Under the constitutional privilege against self-incrimination a witness may rightfully refuse to answer questions as to his connection with the Communist Party as calling for disclosure of facts tending to incriminate. Blau v. United States, 340 U.S. 159, 71 S. Ct. 223, 95 L. Ed. 170. The defendant when he appeared as a witness did not exercise his privilege of remaining silent concerning facts tending to connect him with the Communist Party. He freely described his Communist membership, activities, and contributions.

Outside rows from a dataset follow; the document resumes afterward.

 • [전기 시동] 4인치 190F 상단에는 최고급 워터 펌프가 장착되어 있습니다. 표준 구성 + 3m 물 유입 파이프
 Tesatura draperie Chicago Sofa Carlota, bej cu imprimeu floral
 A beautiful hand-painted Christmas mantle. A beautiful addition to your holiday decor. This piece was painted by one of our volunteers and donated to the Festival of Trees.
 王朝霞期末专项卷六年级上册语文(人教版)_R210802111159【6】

His claim of privilege against self-incrimination was asserted in relation to the identification of other persons present at Communist meetings which he had voluntarily testified he attended.

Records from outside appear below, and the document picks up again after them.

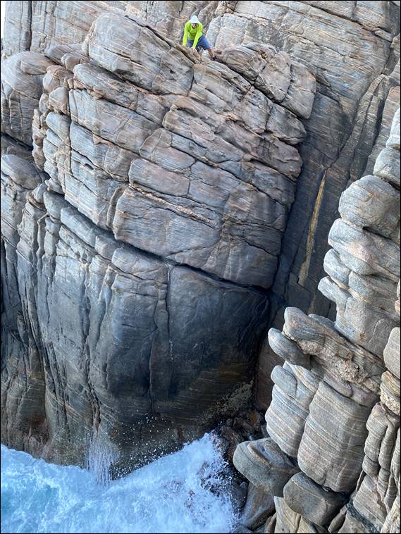 The big attraction being so close the ocean, which provides a great atmosphere. Today the swell was doing a good job of putting on a show for us. So much that any idea of heading into the Zawn was quickly put to bed. Instead we played on the centrepiece of Moses Rocks, Hands Up Wall with its longer lines. While short in nature this place makes up for that, in my opinion, in style. The fine textured gneiss has striking bands of feldspar and quartz alternating with darker bands made of other types of mineral layers: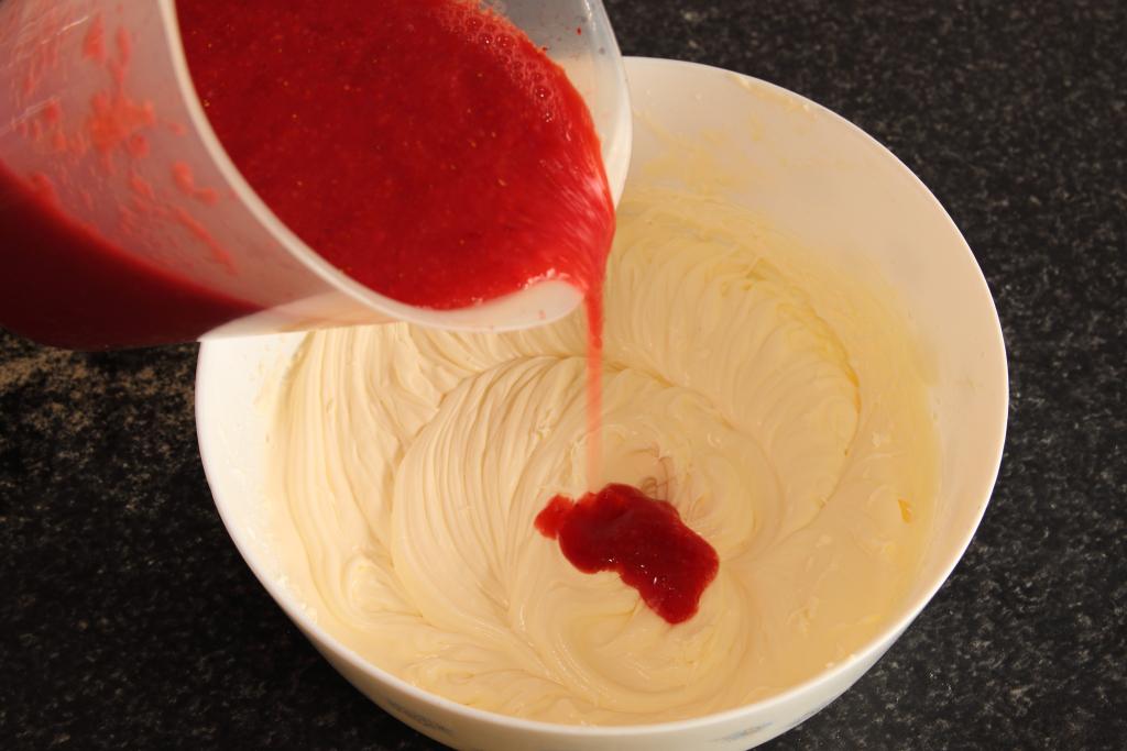 Vertemos el puré de fresas (reservamos un poco para decorar) poco a poco, seguimos batiendo la mezcla hasta que los ingredientes queden bien integrados.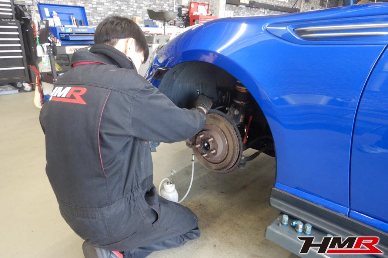HMR(エイチエムアール)の秋山です。今回は6MT レイズ18インチ HKS車高調装備のスバル BRZ(ZC6)の納車前点検整備を行いました。担当メカニックは手代木です。

Clearly this is a case where the defendant claimed the privilege against self-incrimination, but the issue is whether he waived his privilege of silence when he freely answered questions relating to his own connections with Communism.

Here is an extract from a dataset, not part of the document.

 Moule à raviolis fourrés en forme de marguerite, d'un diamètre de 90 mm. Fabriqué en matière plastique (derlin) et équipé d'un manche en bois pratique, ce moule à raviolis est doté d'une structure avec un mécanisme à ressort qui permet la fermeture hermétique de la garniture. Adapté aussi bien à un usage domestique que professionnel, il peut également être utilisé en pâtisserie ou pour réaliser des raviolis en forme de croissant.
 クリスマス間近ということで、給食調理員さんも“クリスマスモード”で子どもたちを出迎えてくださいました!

In Rogers v. United States, 340 U.S. 367, 71 S. Ct. 438, 442, 95 L. Ed. 344, Mrs. Rogers appeared before a grand jury and testified without objection that she had been Treasurer of the Communist Party of Denver, had been in possession of its records and had turned them over to another person. She refused to identify the person to whom she had delivered the records. At the time of her second refusal to answer in the presence of the court she claimed the privilege against self-incrimination. Her conviction of contempt for refusal to answer was affirmed by the Supreme Court in an opinion stating in part:
'Requiring full disclosure of details after a witness freely testifies as to a criminating fact does not rest upon a further 'waiver' of the privilege against self-incrimination. Admittedly, petitioner had already 'waived' her privilege of silence when she freely answered criminating questions relating to her connection with the Communist Party. But when petitioner was asked to furnish the name of the person to whom she turned over Party records, the court was required to determine, as it must whenever the privilege is claimed, whether the question presented a reasonable danger of further crimination in light of all the circumstances, including any previous disclosures. As to each question to which a claim of privilege is directed, the court must determine whether the answer to that particular question would subject the witness to a'real danger' of further crimination. After petitioner's admission that she held the office of Treasurer of the Communist Party of Denver, disclosure of acquaintance with her successor presents no more than a 'mere imaginary possibility' of increasing the danger of prosecution.'
The court finds that Mr. Singer waived the privilege by his answers to prior questions concerning his Communist Party affiliation and activities, and that the answer to the question in count 11 (as to whether named individuals were present at Communist meetings which he had previously admitted attending) would not subject him to any real danger of further incrimination.
The court finds the defendant, Marcus Singer, guilty as to count 11 and not guilty as to counts 1, 3, 4, 5, 6, 7, 8, 9, and 10 of the indictment.